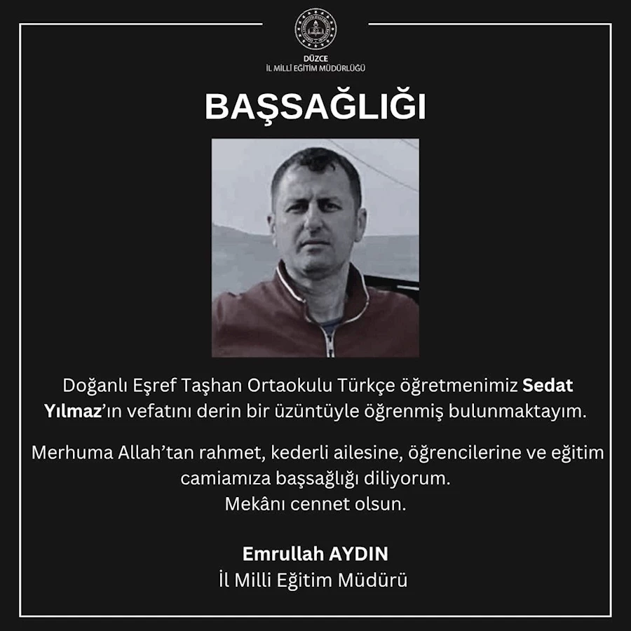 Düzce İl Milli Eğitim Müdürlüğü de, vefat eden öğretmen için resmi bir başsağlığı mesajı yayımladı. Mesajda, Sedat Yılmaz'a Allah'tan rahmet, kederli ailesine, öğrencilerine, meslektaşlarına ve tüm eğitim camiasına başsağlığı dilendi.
........
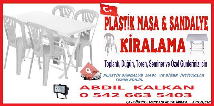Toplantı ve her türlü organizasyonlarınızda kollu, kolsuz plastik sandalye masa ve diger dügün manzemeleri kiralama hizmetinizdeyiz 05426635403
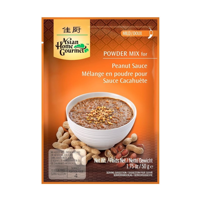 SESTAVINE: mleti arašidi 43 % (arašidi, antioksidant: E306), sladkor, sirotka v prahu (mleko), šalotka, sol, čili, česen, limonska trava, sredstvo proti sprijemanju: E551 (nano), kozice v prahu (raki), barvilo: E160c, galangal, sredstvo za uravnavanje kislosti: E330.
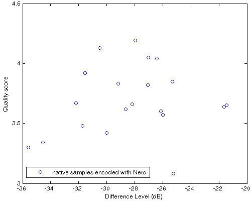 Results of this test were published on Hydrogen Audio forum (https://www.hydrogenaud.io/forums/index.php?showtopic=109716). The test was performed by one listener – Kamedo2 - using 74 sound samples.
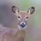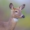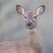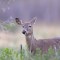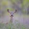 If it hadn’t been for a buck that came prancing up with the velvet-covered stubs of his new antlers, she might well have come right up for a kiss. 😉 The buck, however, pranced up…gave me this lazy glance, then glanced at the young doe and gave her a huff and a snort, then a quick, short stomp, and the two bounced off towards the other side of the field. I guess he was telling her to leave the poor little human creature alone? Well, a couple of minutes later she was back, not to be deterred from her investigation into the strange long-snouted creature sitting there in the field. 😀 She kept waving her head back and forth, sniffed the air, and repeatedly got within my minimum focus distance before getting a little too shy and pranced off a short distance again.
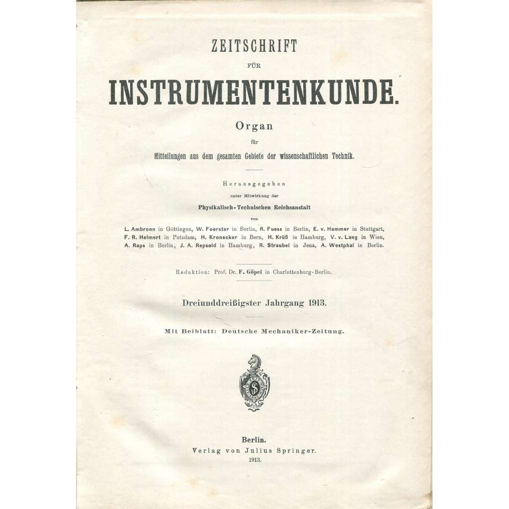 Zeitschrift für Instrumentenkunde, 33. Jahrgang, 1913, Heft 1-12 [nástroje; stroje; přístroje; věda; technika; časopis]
........
- [Exercise requirements]:
Pictures in the entries do not go into the copy. Print only the lines starting at the one containing "Results of this" and ending at the one containing "Zeitschrift für Instrumentenkunde, 33.", exactly as they appear.

- [The completed task]:
 Results of this test were published on Hydrogen Audio forum (https://www.hydrogenaud.io/forums/index.php?showtopic=109716). The test was performed by one listener – Kamedo2 - using 74 sound samples.
 If it hadn’t been for a buck that came prancing up with the velvet-covered stubs of his new antlers, she might well have come right up for a kiss. 😉 The buck, however, pranced up…gave me this lazy glance, then glanced at the young doe and gave her a huff and a snort, then a quick, short stomp, and the two bounced off towards the other side of the field. I guess he was telling her to leave the poor little human creature alone? Well, a couple of minutes later she was back, not to be deterred from her investigation into the strange long-snouted creature sitting there in the field. 😀 She kept waving her head back and forth, sniffed the air, and repeatedly got within my minimum focus distance before getting a little too shy and pranced off a short distance again.
 Zeitschrift für Instrumentenkunde, 33. Jahrgang, 1913, Heft 1-12 [nástroje; stroje; přístroje; věda; technika; časopis]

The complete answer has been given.